On 1/3/24 16:09, Chuck Peplinski wrote:
If the R-Pi guys are being responsive, I wonder if you find any answer about the SPI interface for the Mesa boards?  I found that linux-cnc reported SPI errors when trying to talk to the 7C81.  I'm new to the Linux-CNC community, so maybe I'm doing something else wrong.  But I got the idea on the forums that there was some known issues with SPI on the R-Pi5.

As a user using rpspi to a mea 7i90HD, I was amazed that when subbing an rpi4b for a 3b required no changes to the spi bus. Part of the timing that makes it work is the nanosecond lags between the clock and data tines, extremely critical when the speeds are as high as they are, the write from the pi to the mesa card is 42+ megabaud! And the corresponding read is at half the 50 megacycle clocking speed of the mesa card or 25 megabaud. the rise and fall times of the actual transistors used are extremely critical and any change in the device geometry that changes this waveform cannot be well seen with a 100 mhz scope, one of the reasons I now own the fastest sampler Siglent makes, a 4 channel color channel with a 350 mhz bandwidth on all 4 channels, worth $3400 USD when I bought it nearly 3 years ago. The differences you can see are amazing. One of the things I noted was that to make it work error free on the pi3 was that it worked well with the scope probe attached to the clock but not so well w/o it, so I wound up with a 10 pf cap to ground on the pi3, but didn't need it when the pi4b was substituted. Based on that I concluded that the speed of the transistor was part of the magic sauce that made it work.

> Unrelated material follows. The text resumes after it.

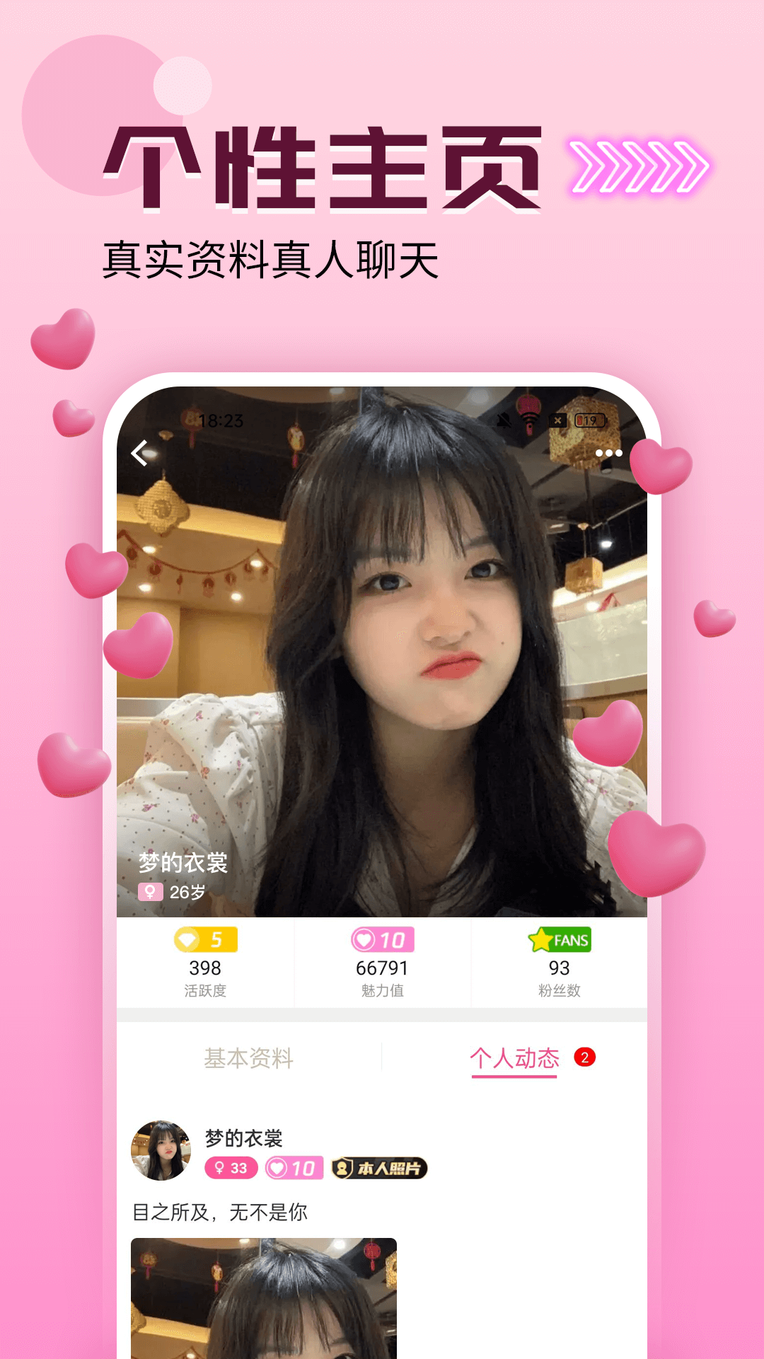 【智能匹配】约会,自由选择线上高颜值妹子,线上交友聊天,带你进入恋爱空间,系统每日更新上万活跃用户资料,保证匹配资源新鲜度。

Your remark makes me wonder if this same effect might be checked for with a 10 pf cap on one or the other signals to effect a few picoseconds delay difference between the clock and data lines and make it work. There is I think a parity checksum as an error detector in the protocol, with a parity error being corrected by a retransmit so if you see a sudden burst of traffic its correcting such an error.. But PCW knows that code 50,000% better than I so he is welcome to correct me. I'm just guessing based on what I see on the scope screen based on 74 years of using a scope to see what the electrical stuff is doing. 74 years ago realtime was a 5" crt with a 5 megahertz bandwidth. A
Hickock 505. Sync-able but not triggered, that was a game changer.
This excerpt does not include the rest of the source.